How is speed decided on Torrent network?

I am curious as to how the download speed is decided on a torrent network since there are no central hubs. If there are 300 seeders, why can't a client just connect to all those 300 and not actually seed anything. Is it built into the client (which i highly doubt). How does the whole sharing thing work?

PS: I am not sure if this is the right place to ask, but it surely didn't belong to Stack Overflow. Also I don't want to know how torrent downloads can be made faster. I want to know how they work.


Solution 1:

Bittorrent is not really completely "hubless" - not for the data transfer, but for peer discovery. Initially, torrents could only depend on a central hub called the tracker - again, not to exchange parts of the file, but to discover who else is on the swarm. (I believe you can specify multiple trackers in a protocol for redundancy.) With the introduction of DHT, a Bittorrent peer can use DHT to seek out other peers, in addition or instead of using a tracker. DHT itself depends on foreknowledge of a few well-known DHT "nodes" (unsure of the exact terminology) in order to "bootstrap" a peer who hasn't queried via DHT ever, or for a while.

A client is free to make a connection with each peer it knows about, simultaneously, and most usually do - with the exception of considering any "connection limit" settings that the program supports.

From the official Bittorrent spec:

Connections contain two bits of state on either end: choked or not, and interested or not. Choking is a notification that no data will be sent until unchoking happens. The reasoning and common techniques behind choking are explained later in this document.

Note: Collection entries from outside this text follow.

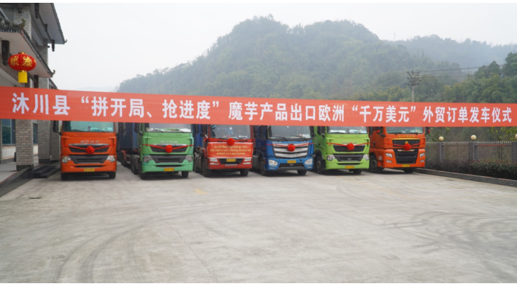 1月31日,沐川县“拼开局、抢进度”魔芋产品出口欧洲“千万美元”外贸订单发车仪式在生态源生物科技有限公司举行。省农业农村厅、乐山海关、沐川县人民政府、乐山市进出口商会等相关领导出席发车仪式。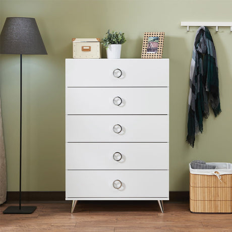 Olivia - 5-Drawer Bedroom Chest Of Drawers - Pearl White
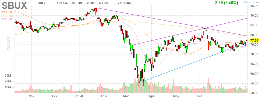 На текущий момент акции SBUX котируются по $77.24 (+3.48%).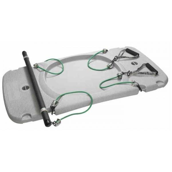 Stacja treningowa Thera Band® umożliwia wykonanie wielostronnych ćwiczeń zarówno w terapii, jak i fitness. Prosta w budowie, lekka alternatywa dla konwencjonalnych, dużych urządzeń treningowych. Ćwiczenia na stacji treningowej mają na celu zarówno przyrost siły mięśniowej zwiększenie zakresów ruchomości jak i polepszenie reakcji równoważnych. Możemy na niej umieszczać dodatkowe przybory do ćwiczeń (np.: duża piłka gimnastyczna, trener równowagi, Aero-step®) podczas wykonania kombinacji wielu ćwiczeń siłowych lub mających na celu poprawę zakresu ruchu.
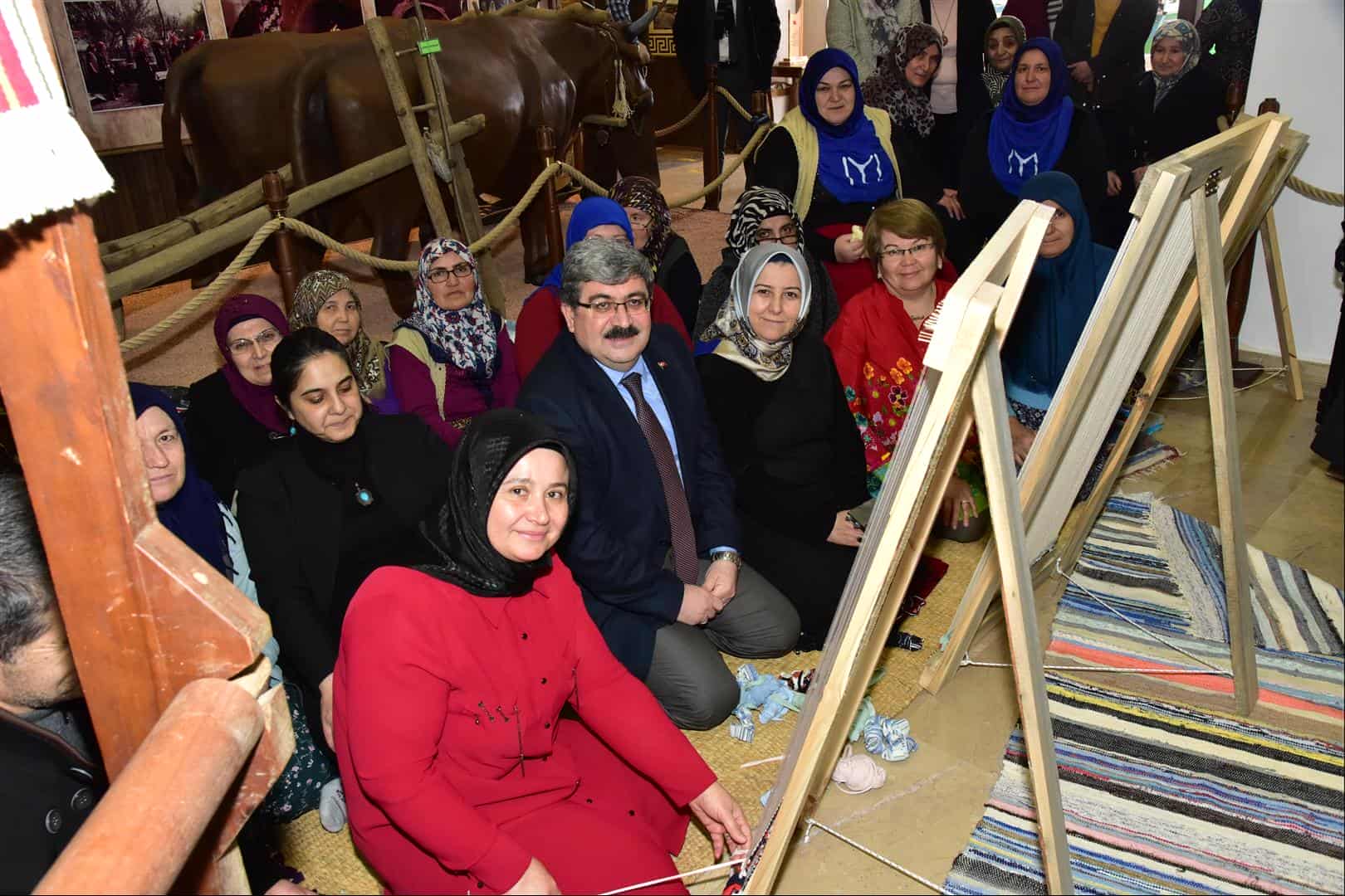 Kadınlarla birlikte dokuma tezgahlarının başına geçen Belediye Başkanı Nihat Can ve eşi Nesrin Can, vatandaşlarımızla fotoğraf çektirdi.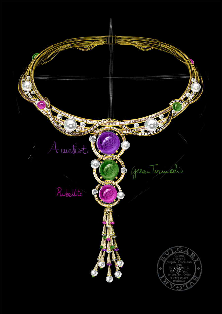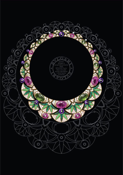 Por su parte, el collar “Lady Arabesque”, es un verdadero homenaje a la estética barroca combinada con una paleta de colores Bvlgari por excelencia, tonos púrpura, verde y oro. Los zafiros rosados y violetas de Sri Lanka se combinan con pequeñas turmalinas Paraiba, esmeraldas, así como diamantes redondos y sueltos, para una alegre extravagancia de rizos barrocos. Los pendientes coordinados son un ejercicio de gracia femenina y elegante.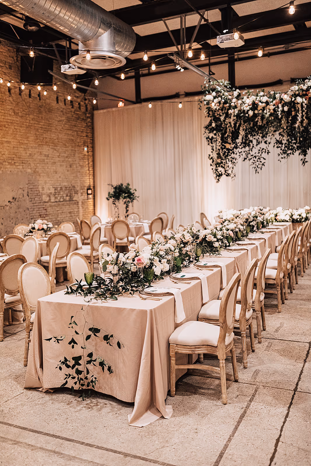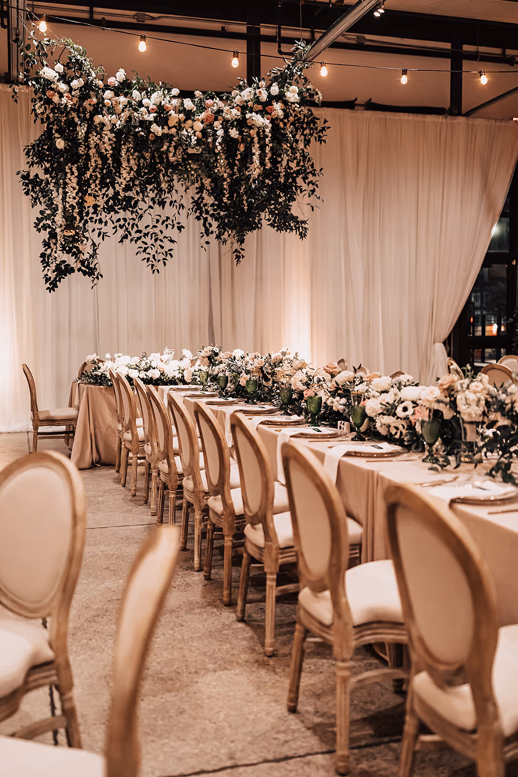 But the magic didn't stop there. The cherry blossoms from the chuppah also flowed seamlessly into a spectacular ceiling installation. This intricate and eye-catching arrangement created a sense of wonder and transformed the space into a blooming wonderland. Our team loves a good challenge, and a ceiling installation is always a highlight for us.

Data transfer takes place whenever one side is interested and the other side is not choking. Interest state must be kept up to date at all times - whenever a downloader doesn't have something they currently would ask a peer for in unchoked, they must express lack of interest, despite being choked. Implementing this properly is tricky, but makes it possible for downloaders to know which peers will start downloading immediately if unchoked.

Connections start out choked and not interested.

When data is being transferred, downloaders should keep several piece requests queued up at once in order to get good TCP performance (this is called 'pipelining'.) On the other side, requests which can't be written out to the TCP buffer immediately should be queued up in memory rather than kept in an application-level network buffer, so they can all be thrown out when a choke happens.

So, for you get data from a peer, the peer must be "interested" and you must be "not choked" - according to the protocol. Further on:

Choking is done for several reasons. TCP congestion control behaves very poorly when sending over many connections at once. Also, choking lets each peer use a tit-for-tat-ish algorithm to ensure that they get a consistent download rate.

The choking algorithm described below is the currently deployed one. It is very important that all new algorithms work well both in a network consisting entirely of themselves and in a network consisting mostly of this one.

There are several criteria a good choking algorithm should meet. It should cap the number of simultaneous uploads for good TCP performance. It should avoid choking and unchoking quickly, known as 'fibrillation'. It should reciprocate to peers who let it download. Finally, it should try out unused connections once in a while to find out if they might be better than the currently used ones, known as optimistic unchoking.

The currently deployed choking algorithm avoids fibrillation by only changing who's choked once every ten seconds. It does reciprocation and number of uploads capping by unchoking the four peers which it has the best download rates from and are interested. Peers which have a better upload rate but aren't interested get unchoked and if they become interested the worst uploader gets choked. If a downloader has a complete file, it uses its upload rate rather than its download rate to decide who to unchoke.

For optimistic unchoking, at any one time there is a single peer which is unchoked regardless of its upload rate (if interested, it counts as one of the four allowed downloaders.) Which peer is optimistically unchoked rotates every 30 seconds. To give them a decent chance of getting a complete piece to upload, new connections are three times as likely to start as the current optimistic unchoke as anywhere else in the rotation.

So most Bittorrent peers implement "choking" algorithms that ensure things work fairly, but give new connections preferential treatment to give them a chance to be a good part of the swarm. One peer could try to have a different algorithm that is more unfair but without immediate cooperation from all other peers the "bad" peer would just get "choked" until it receives no data from anyone.

More peers = more speed, and faster peers are preferred. The upload capacity of a peer, any download limits you've set, and your physical link upload/download capacity also affect speed.

I (and others) have further detailed in a high level how Bittorrent works at this question.